Indeed, few of Paul’s own committee members appear willing to defend him. Paul lost an ally in Sen. Ron Johnson (R-Wis.), a fellow deficit hawk, after top White House adviser Stephen Miller briefed senators on the administration’s border request and made a persuasive argument. Graham said the meeting was requested by him and Majority Leader John Thune to “contest” Paul’s offer. Paul did not attend.
Sen. Josh Hawley (R-Mo.) said Paul’s decision to draft his own proposal “without any consultation of the committee” was concerning, adding that he had “never seen that happen before.”

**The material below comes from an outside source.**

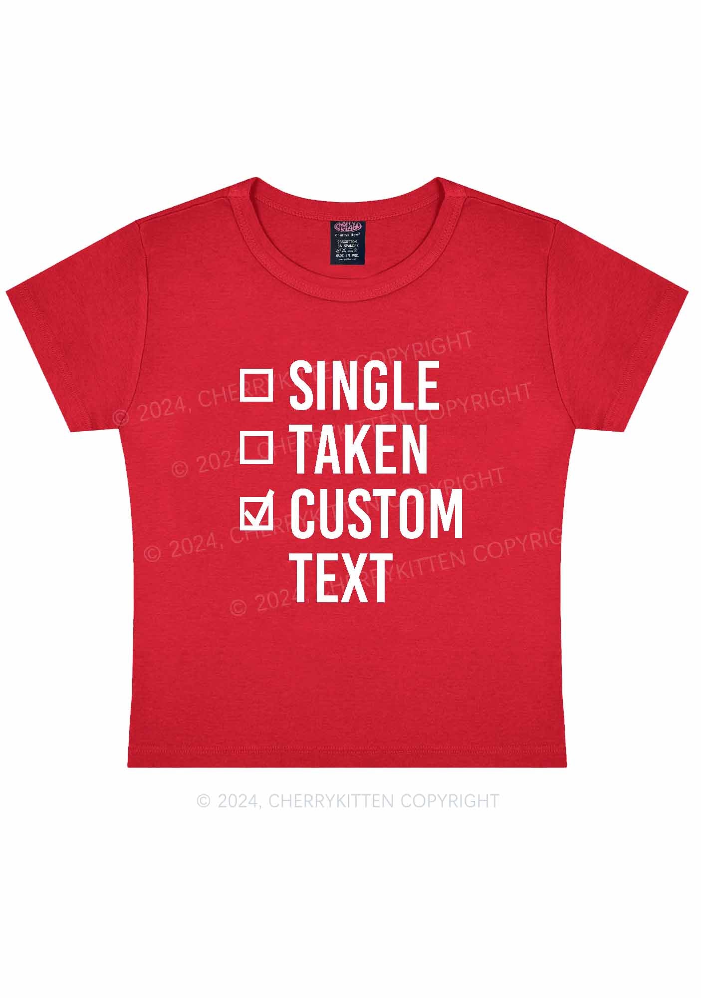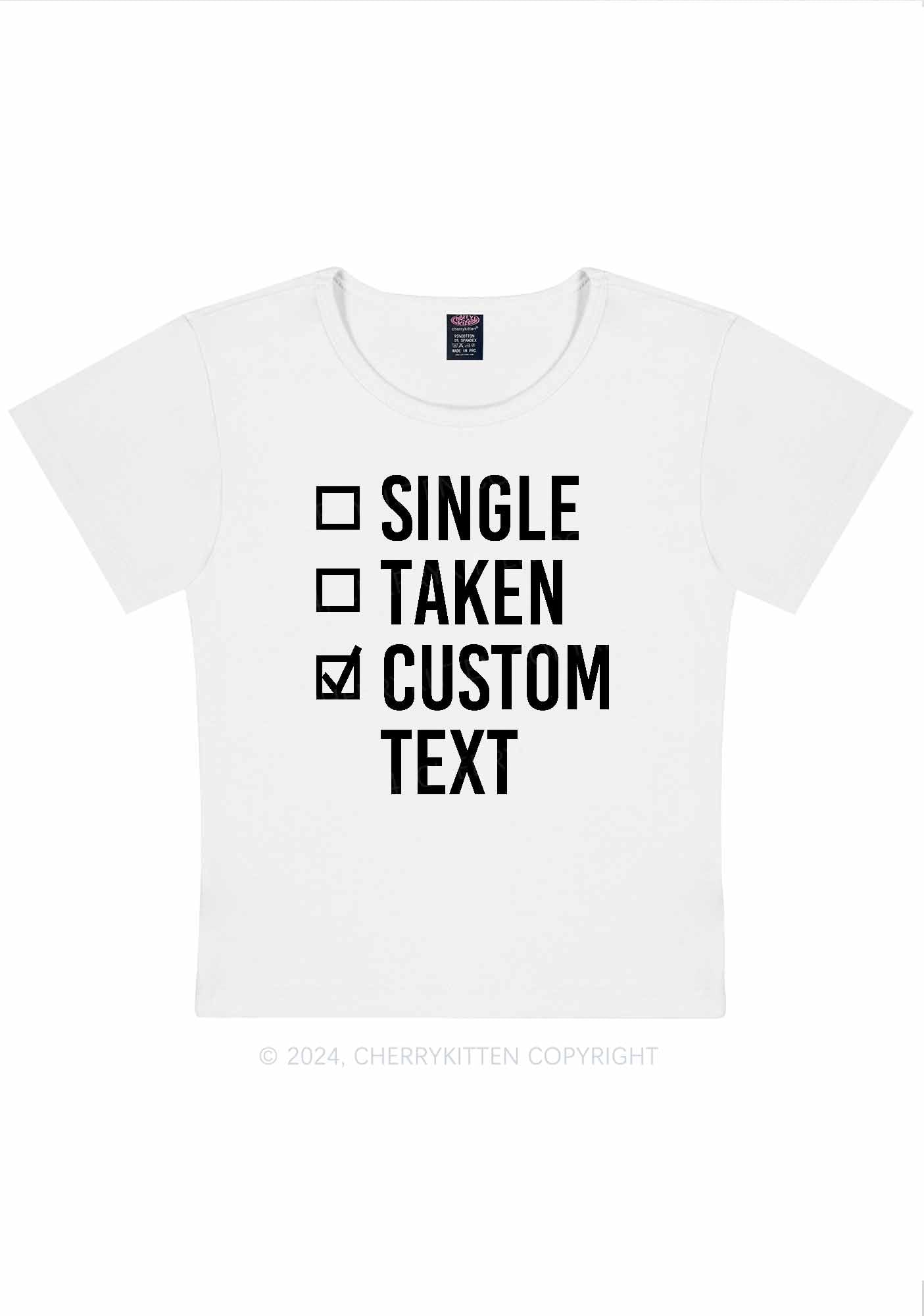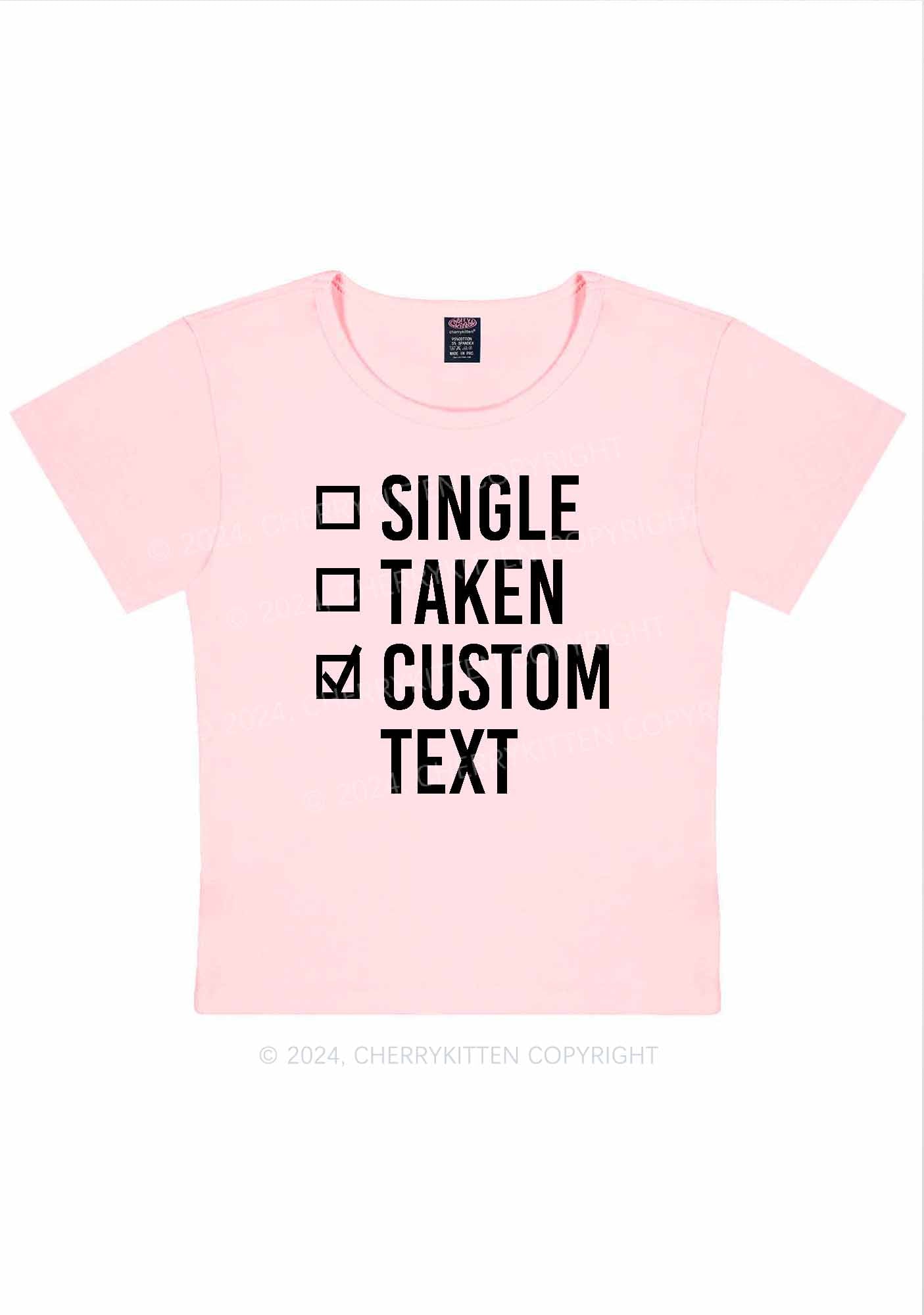 Single Taken Custom Text Y2K Valentine's Day Baby Tee Cherrykitten

Nonetheless, Paul still believes some pieces of his own plan unrelated to border security will end up in the final bill, he told POLITICO on Wednesday, and that he’s involved in ongoing talks with the Senate parliamentarian.
Speaking of the parliamentarian: Senate rule-keeper Elizabeth MacDonough is scrubbing the final draft of the megabill in a “big beautiful” Byrd bath. Her rulings on which provisions will fly under the filibuster-skirting budget reconciliation process are expected to roll in through the middle of next week, when Thune wants to schedule the first procedural vote related to the package.
Republicans are bracing for an answer to one consequential question they punted on earlier this year: whether they can use an accounting maneuver known as “current policy baseline” to make it appear that extending Trump’s 2017 tax cuts would cost nothing.
Senate Finance Republicans and Democrats will make a joint presentation to MacDonough this weekend about which provisions to keep or scrap. And there’s no shortage of GOP priorities under Byrd scrutiny — from tax cuts on certain gun silencers to a plan to raise taxes on foreign companies known as the “revenge tax.”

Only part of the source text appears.